№4, 2006/В творческой мастерской

Г. ОСТЕР: «Литература замедленного действия». Беседу вела Е. Калашникова

– Писатель, по-вашему, может сказать в интервью что-то важное?

– Может. Особенно это было важно в годы советской власти. Но, другое дело, тебя могут неправильно понять. У меня было много интересных интервью, одни интервью я брал, другие давал.

– По какую сторону диктофона интереснее?

– Зависит от собеседника, от того, с какой целью ты интервью даешь.

Вообще любая попытка что-то систематизировать, вывести законы для меня крайне неприемлема. В своем творчестве для детей, да и для взрослых, наверное, тоже, я как раз и пытаюсь объяснить, что когда дело касается личности, душевных переливов, никакие правила и законы неуместны. Поэтому меня раздражают такие науки, как психология. У меня есть цикл книг «Наука на всю жизнь», где я создаю такие псевдонауки, как науку о взрослых «папамамалогию», «конфетоедение», «вритературу» и другие. Это не то что пародия на учебники, это такие парадоксальные построения, которые, как и «Вредные советы», дают прививки от всяких методологий. На мой взгляд, неверных.

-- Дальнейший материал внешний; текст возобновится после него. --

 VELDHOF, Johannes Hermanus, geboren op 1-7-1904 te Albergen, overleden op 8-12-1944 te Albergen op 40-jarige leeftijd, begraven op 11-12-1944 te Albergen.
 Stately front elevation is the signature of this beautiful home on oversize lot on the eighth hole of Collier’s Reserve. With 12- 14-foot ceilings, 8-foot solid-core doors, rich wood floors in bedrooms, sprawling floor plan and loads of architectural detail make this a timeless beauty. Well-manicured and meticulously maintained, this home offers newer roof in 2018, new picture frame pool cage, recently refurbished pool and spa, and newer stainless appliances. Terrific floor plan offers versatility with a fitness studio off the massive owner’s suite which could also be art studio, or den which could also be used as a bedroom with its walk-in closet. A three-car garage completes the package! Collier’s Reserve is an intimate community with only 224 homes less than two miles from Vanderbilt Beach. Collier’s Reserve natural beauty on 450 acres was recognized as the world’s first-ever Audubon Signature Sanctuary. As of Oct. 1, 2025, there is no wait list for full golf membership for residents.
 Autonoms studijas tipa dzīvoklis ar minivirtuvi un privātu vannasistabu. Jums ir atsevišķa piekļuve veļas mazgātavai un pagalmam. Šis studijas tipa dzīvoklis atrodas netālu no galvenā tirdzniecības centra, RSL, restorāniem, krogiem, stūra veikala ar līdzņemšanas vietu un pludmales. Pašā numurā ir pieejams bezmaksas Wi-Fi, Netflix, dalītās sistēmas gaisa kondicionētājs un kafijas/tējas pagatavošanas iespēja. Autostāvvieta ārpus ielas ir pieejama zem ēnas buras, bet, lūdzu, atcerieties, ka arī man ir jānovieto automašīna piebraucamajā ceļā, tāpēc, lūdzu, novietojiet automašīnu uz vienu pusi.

– Когда вы пишете, наверное, ориентируетесь на своих детей?

– Нет, на своих детей я никогда не ориентировался. Я начал писать детские книги в 1975 году, когда у меня не то что детей, но и желания их заводить не было. Всегда, когда я пишу, я ориентируюсь на того ребенка, которым был я сам, которым помню себя. Я пишу не для статической личности пятилетнего ребенка, а для существа, который из ребенка превращается во взрослого. Поэтому я хочу писать такие вещи, которые дети могут запомнить, а потом постепенно, когда они будут взрослеть, это будет в них проявляться. Как медленно возникающее изображение на пленке. Человек доживет до 40 лет и вдруг поймет: «Вот что имелось в виду. Оказывается, я с этим живу, только не понимал этого». Мне хочется делать литературу замедленного действия.

– В доме ваших родителей была большая библиотека?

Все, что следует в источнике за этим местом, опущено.